Sprint 1: Pipeline Skeleton

  • build-v2.js — orchestrator that runs Phases 2-5 in sequence
  • Phase 2.1: extractPalette() — deterministic colour extraction
  • Phase 2.4: generateBaseLayout() — template generation (no AI)
  • Phase 3: Restructure page prompt to use BaseLayout + body-only output

Sprint 2: Shared Components

  • Phase 2.2: generateNav() — Claude call with strict constraints
  • Phase 2.3: generateFooter() — Claude call with strict constraints
  • Human gate: deploy foundation for review before page builds

Sprint 3: Image Mapping

  • buildImageMap(slug, contentMap) — extracts per-section image list from content map
  • Integrate into Phase 3 prompt so each page gets explicit image instructions

Sprint 4: Automated QA

  • Phase 4.1: Compile check
  • Phase 4.2: Screenshot built pages with Playwright
  • Phase 4.3: Compare original vs built (structural + image + colour + content)
  • Phase 4 output: QA report JSON

Sprint 5: Fix Loop

  • Phase 5: Claude Vision comparison with dual screenshots
  • Loop controller: Phase 4 → 5 → 4 → 5 (max 3)
  • Fallback: flag for human review

Key Lessons from v1

  1. Never generate nav/footer per page. Generate once, share everywhere.
  2. Never give Claude 150 images to pick from. Map images to sections explicitly.
  3. Never hardcode colours in page prompts. Use CSS variables from a single source.
  4. Always verify before deploying. Screenshot comparison catches issues cheaply.
  5. The scraper is not the bottleneck anymore. The build agent prompt engineering is.
  6. One-shot generation doesn't work. An iterative loop with verification is necessary.
  7. Most pages need 1 fix pass, not 3. Target the 20% that fail, don't re-run everything.

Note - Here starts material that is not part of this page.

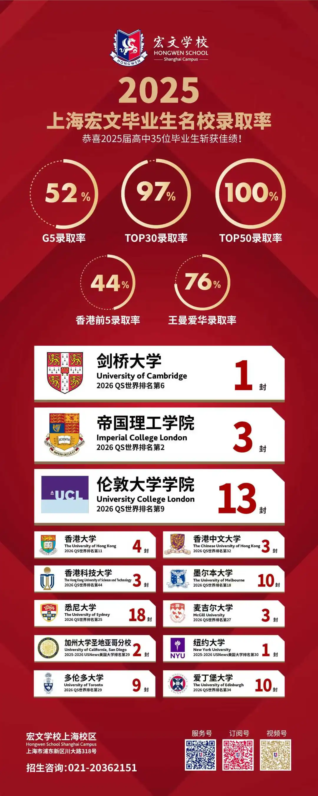 上海宏文学校 受邀出席10月26日上海国际教育择校展 2025年10月26日(周日) 由国际在线教育频道、名校来了、创世蓝海举办的第二十五届国际教育择校咨询会在上海金茂君悦大酒店二层宴会厅隆重举办! 本次展会汇聚上海【50+】优质教育资源,涵盖上海地区优秀民办国际化学校、国际教育机构及提供国内学籍、专注高考路径的精英学府,构建了涵盖幼儿园至高中,共15年的国内、国际双轨制贯通教育体系,并延伸至国际预科及本科衔接课程,形成"国内升学+海外深造"双通道的完整升学链路。展会现场除各校独家展位外,特别设置择校专区,为家长提供幼升小至国际本科全阶段择校方案,助力适龄学子实现个性化教育路径规划。 上海国际学校择校展 10月26号周日 上海金茂君悦大酒店 学校亮点前瞻 上海宏文学校 上海宏文学校建校于2018年,坐落于上海浦东迪士尼板块(川大路318号),占地面积约6万平米,建筑面积约4.5万平米,绿化率达到 70%。校园环境优美,水系环绕,绿树衬映,生态环境在沪上学校中首屈一指。 上海宏文学校覆盖小学、初中、高中三个学段,作为宏信教育旗舰校,是一所十二年一贯制中西融合学校。学校秉承“以人为本,中西融合,塑造精英”的宗旨,以“兴趣特长培养,生涯规划发展”为育人特色,致力于实现“行有格,知无界,成全人”的教育愿景。 创校以来,宏文学校上海校区连续三届毕业生获得剑桥Offer,86%被世界TOP 30大学录取,92%被世界TOP 50大学录取,98%被世界TOP 100大学录取。 1 招生对象 1-12年级适龄学生 2 开设课程 小学部 在开齐开足国家课程的基础上,开设丰富的兴趣特长课程和中西融合校本课程,中英语言学习环境比例接近1:1,让学生在愉快的课程体验中,达到多元智能启蒙; 初中部 通过对国内课程的夯实及国际化教育元素的融入,加强多学科浸润式双语教学,同时开设拓展型、探究型课程以培养学生的思辨能力,并通过课内分层教学和课后分层辅导助力学生实现突破性成长; 高中部 开设IGCSE和A-Level课程,凭借丰富的海内外教育资源和强大的师资力量,根据学生的学术水平实行分层教学,携手集团旗下英国国家文理中学开设了2+2中英联合培养项目,联动悉尼新南威尔士大学开设了中澳特色衔接班,助力每个学生都能实现最大化发展,成长为立足中国、走向世界的未来青年领袖。 3 升学成果 4 特色课程 STEM特色 上海宏文学校注重激发学生的创新意识、想象力及实践能力,通过科创课程探究、科技赛事参与、科研机构实践等激励与启迪学生对STEM的兴趣,致力于培养青少年成为科学技术的未来领袖。创建于2020年,宏文科技类校队目前包含科创校队、机器人校队、编程校队、iGEM校队共四类校队、十六个科技特长精品小班,累计斩获了超过2000人次奖项,囊括WRO、FTC、ICC等国内外各类顶级赛事。 商科特色 商科特色依托远东宏信平台的资源优势,宏文学校为学生设计了理论和实践相结合的商科教育体系,包括:宏文学校自主研发的系列财商课程;“小小企业家”、“未来金融家”等金融夏冬令营;家长职业讲座、知名企业访学等商业实战演练,以培养学生在商业领域的综合素养与前瞻性思维。 中英两地培养项目 2+2中英两地培养项目是由宏信教育集团整合海内外优质教育资源,联合宏文学校上海校区与英国本土顶级私校——英国国家文理中学(NMSC)共同打造的专属于展现STEM天赋学生的国际化精英人才培养计划。项目内学生可以在国内享受与英国顶尖私校同等高质量的IGCSE教育,之后前往NMSC无缝衔接A-Level课程。借力英国A-Level教育专家资源,最终升入世界顶尖大学。 中澳特色班 中澳特色班(新南威尔士大学直通车项目)是由宏信教育集团整合海内外优质教育资源,联合宏文学校上海校区与澳大利亚八大之一——悉尼新南威尔士大学(UNSW),致力于为学生搭建高效的升学通道、助力学生免标化直升世界名校的国际合作项目。凭借GPA成绩(平均学分绩点),90%项目学生直升世界排名前20大学,成绩同时被香港大学及英国部分大学认可。 5 学校优势 一贯制培养体系: 上海宏文学校构建了小学、初中、高中十二年连贯且循序渐进的培养体系,通过分层教学、特色课程及个性化服务,全方位适配学生不同阶段的发展需求。 多资源联动机制: 上海宏文学校联动了高校、科研、金融、企业四大核心领域资源。通过与顶尖高校战略合作、对接科技企业获取科研见习机会、依托平台开展财商教育以及提供企业实习参访等,为学生的学术提升、背景优化和职业发展筑牢根基。 助力每个学生抵达梦校: 上海宏文学校2023-2025届高中毕业生连续三年获得剑桥大学offer,86%被世界Top 30录取,92%被世界Top 50录取,98%被世界Top 100录取。 9 学校位置 上海市浦东新区川大路318路 11 其他信息 校车情况(是否有校车):拥有27辆校车,线路基本覆盖浦东新区、闵行浦江镇 学费标准:小学65000元/学期;初中75000元/学期;高中105000元/学期 授课方式:双语授课 学校性质:十二年一贯制中西融合民办学校 留学方向:英国、美国、中国香港地区、加拿大、澳大利亚、新加坡、日本 江浙沪展会合作: 彩丽老师手机号微信18701366816 end 让世界名校为你转身 名校来了 为了帮助广大有意转轨国际化教育、尝试双轨制教育的家庭提供更好的择校规划,一站式解决择校难题,上海第二十五届国际名校来了多元化升学择校咨询

Scraper Gap: Multi-Nav Detection

The Waterford site has TWO <nav> elements (left + right of logo). Our scraper only captures the first <nav>. This needs fixing:

  • Update content.js to capture ALL <nav> elements
  • Tag them with position info (left/right) or merge into a single nav tree
  • Also capture nav items from <header> that aren't inside <nav> (Wix sometimes puts links outside nav)

This is a Phase 1 fix that will improve all downstream phases.